Typ 1 bezeichnet einen Insulinmangel, hervorgerufen durch die teilweise oder völlige Zerstörung der Insulin produzierenden B-Zellen der Bauchspeicheldrüse. Hiervon sind häufig junge Menschen betroffen.
Typ 2 bezeichnet den klassischen „Altersdiabetes“, der in Deutschland einen hohen Prozentsatz der Menschen über 50 Jahren betrifft. Hierbei kann es zu einer zunehmenden Unempfindlichkeit gegen Insulin kommen, was die Insulinausschüttung erhöht und sämtliche Insulinvorräte in der Bauchspeicheldrüse erschöpft. Häufig sind die Patienten älter (> 50 J.), übergewichtig und leiden oft auch unter Bluthochdruck.

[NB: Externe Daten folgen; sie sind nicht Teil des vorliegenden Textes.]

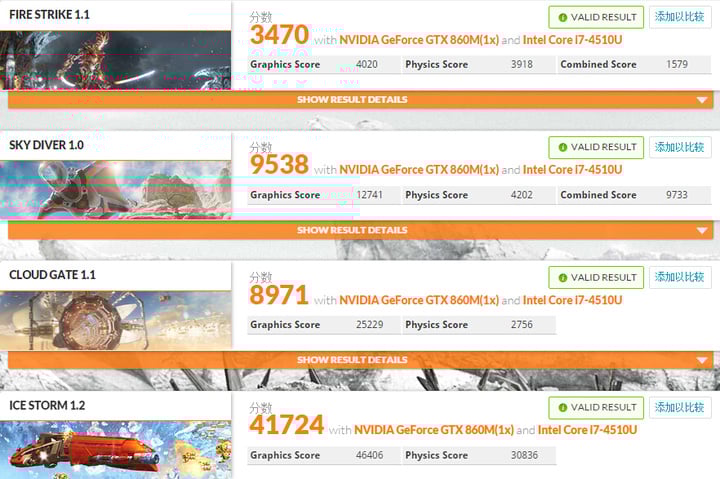 至于 GTX750Ti 这块显卡,算是台式机里中端产品,在 3DMark 中,这块显卡被识别成了 GTX 860M,虽然后面又带了 M,不过基本可以视为和 GTX 750Ti 是同一块显卡,只是桌面用的本体和笔记本用的马甲版而已。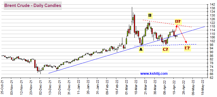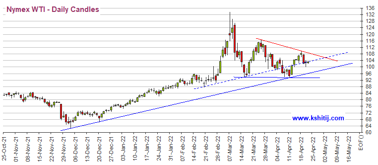 原油方面,Kshitij咨询服务团队表示,布伦特原油期货和WTI原油期货均出现下跌。从图表上看,布油和WTI油价仍然看涨,有望分别升至118-120美元/桶和116美元/桶,而短期支撑位见于106美元/桶和102美元/桶附近。

Therapie: Während beim Typ-1-Diabetes als Therapie ausschließlich der Ersatz von Insulin (durch Tabletten oder Spritzen) möglich ist, kann man beim Typ-2-Diabetes durch Gewichtsabnahme, eine sinnvolle Diät und Tabletten oft schon einen starken Rückgang der Krankheit bewirken. Bei beiden Formen muss eine möglichst zuckerfreie Diät angestrebt werden.